Ask Experts Questions for FREE Help !
Ask
    ladiie enviie's Avatar
    ladiie enviie Posts: 10, Reputation: 1
    New Member
     
    #1

    Jan 2, 2008, 10:05 AM
    Can a doctor tell your parent if you're having sex?
    I'm 16 and I was just wondering if a doctor can tell your parent if your having sex, just in case I have to go to the doctor
    J_9's Avatar
    J_9 Posts: 40,298, Reputation: 5646
    Expert
     
    #2

    Jan 2, 2008, 11:55 AM
    No, a doctor cannot tell your parents anything about your sexual activity without your permission. It is the doctor/patient privilege.
    ladiie enviie's Avatar
    ladiie enviie Posts: 10, Reputation: 1
    New Member
     
    #3

    Jan 3, 2008, 10:00 AM
    But will they ask me if I'm having sex if my mom is in the room
    J_9's Avatar
    J_9 Posts: 40,298, Reputation: 5646
    Expert
     
    #4

    Jan 3, 2008, 10:04 AM
    How old are you?
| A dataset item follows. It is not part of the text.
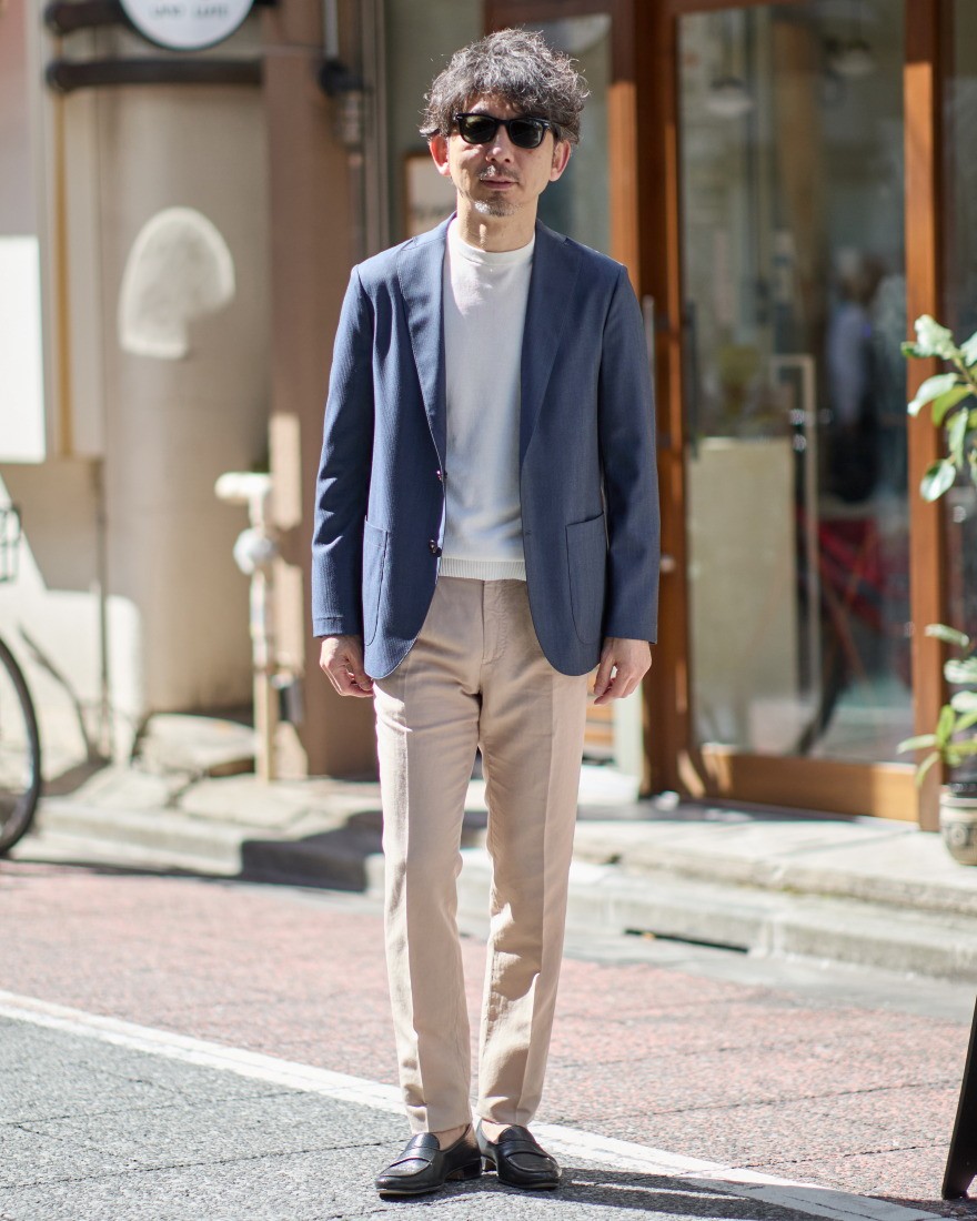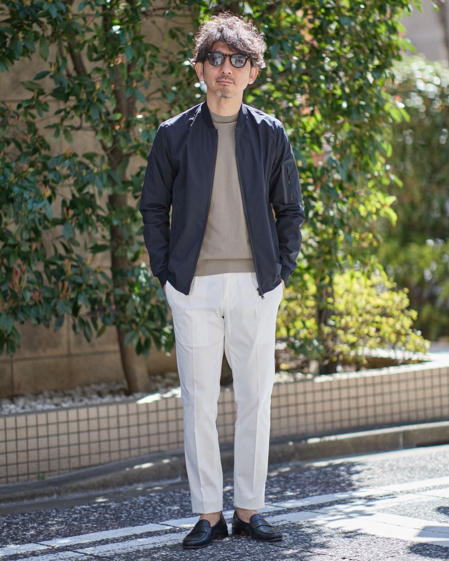 モデルサイズ:身長185cm/体重73kg/肩幅48㎝/胸囲95cm/ウエスト80cm/ヒップ96cm 着用サイズ:50

You have the right to go into the room alone... Can you get to the doctor by yourself?
    ladiie enviie's Avatar
    ladiie enviie Posts: 10, Reputation: 1
    New Member
     
    #5

    Jan 3, 2008, 08:14 PM
    I'm 16 but I don't have to go to the doctor I'm just asking just in case because my mom keeps saying that she wants to me to to the doctor for a pap-smear and someone told me that the doctor asks if your having sex and I just don't want my mom to find out
    J_9's Avatar
    J_9 Posts: 40,298, Reputation: 5646
    Expert
     
    #6

    Jan 3, 2008, 08:16 PM
    Pap smears are not necessary until a woman is having sex, so if you are having sex, you don't have to tell your mom, and you can ask her to wait in the waiting room during the exam. IF the doctor asks, you can tell him, he can't tell your mom.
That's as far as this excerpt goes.